Different: there is a Stegosaurus sticker on his clipboard. It has been there since we returned from India three months ago, and no one has dared ask about it, and the residents have developed approximately fourteen theories, and the leading theory, according to the scrub nurse who told me in confidence, is that the Dread Prince lost a bet. The Dread Prince did not lose a bet. The Dread Prince put a sticker on his clipboard because the man he loves gives them to children and it means something to him, and if the residents want to speculate, they can speculate.

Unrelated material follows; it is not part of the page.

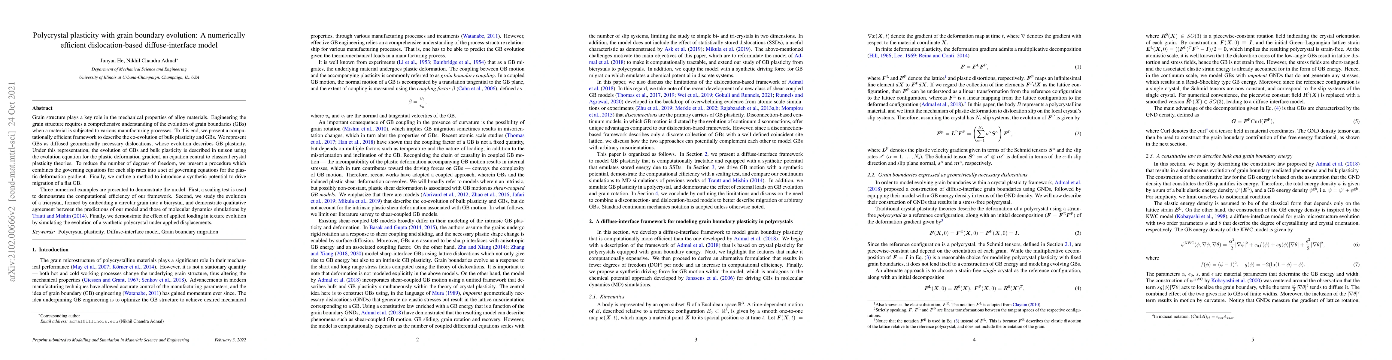 This paper presents a computationally efficient dislocation-based diffuse-interface model for polycrystal plasticity that co-evolves grain boundaries and bulk plasticity. The model uses a synthetic potential to drive grain boundary migration and demonstrates its effectiveness through numerical examples, including a scaling test and simulations of tricrystal and polycrystal evolution under loading.

Also different: the way his face changes when he sees me. It’s not a dramatic transformation. It’s not a smile, exactly, because Arjun Kapoor doesn’t smile in hospital corridors with the casual ease of a normal human being. But something shifts. The set of his jaw loosens by a fraction. The line between his eyebrows softens. His eyes, which are always assessing, always calculating, always operating in surgical margins, find me and settle, the way a compass needle settles when it finds north.

“Dr. Welling,” he says, as we pass in the corridor. Formal. Professional. The Dread Prince voice.

“Dr. Kapoor,” I say. Equally formal. Equally professional.

His pinky finger brushes mine as we pass. The contact lasts approximately a quarter of a second. Nobody sees it. Nobody would notice it even if they were watching, because it’s the smallest possible gesture, the absolute minimum physical contact that two hands can make while passing in a corridor, and it sends a jolt through my entire body that’s medically significant.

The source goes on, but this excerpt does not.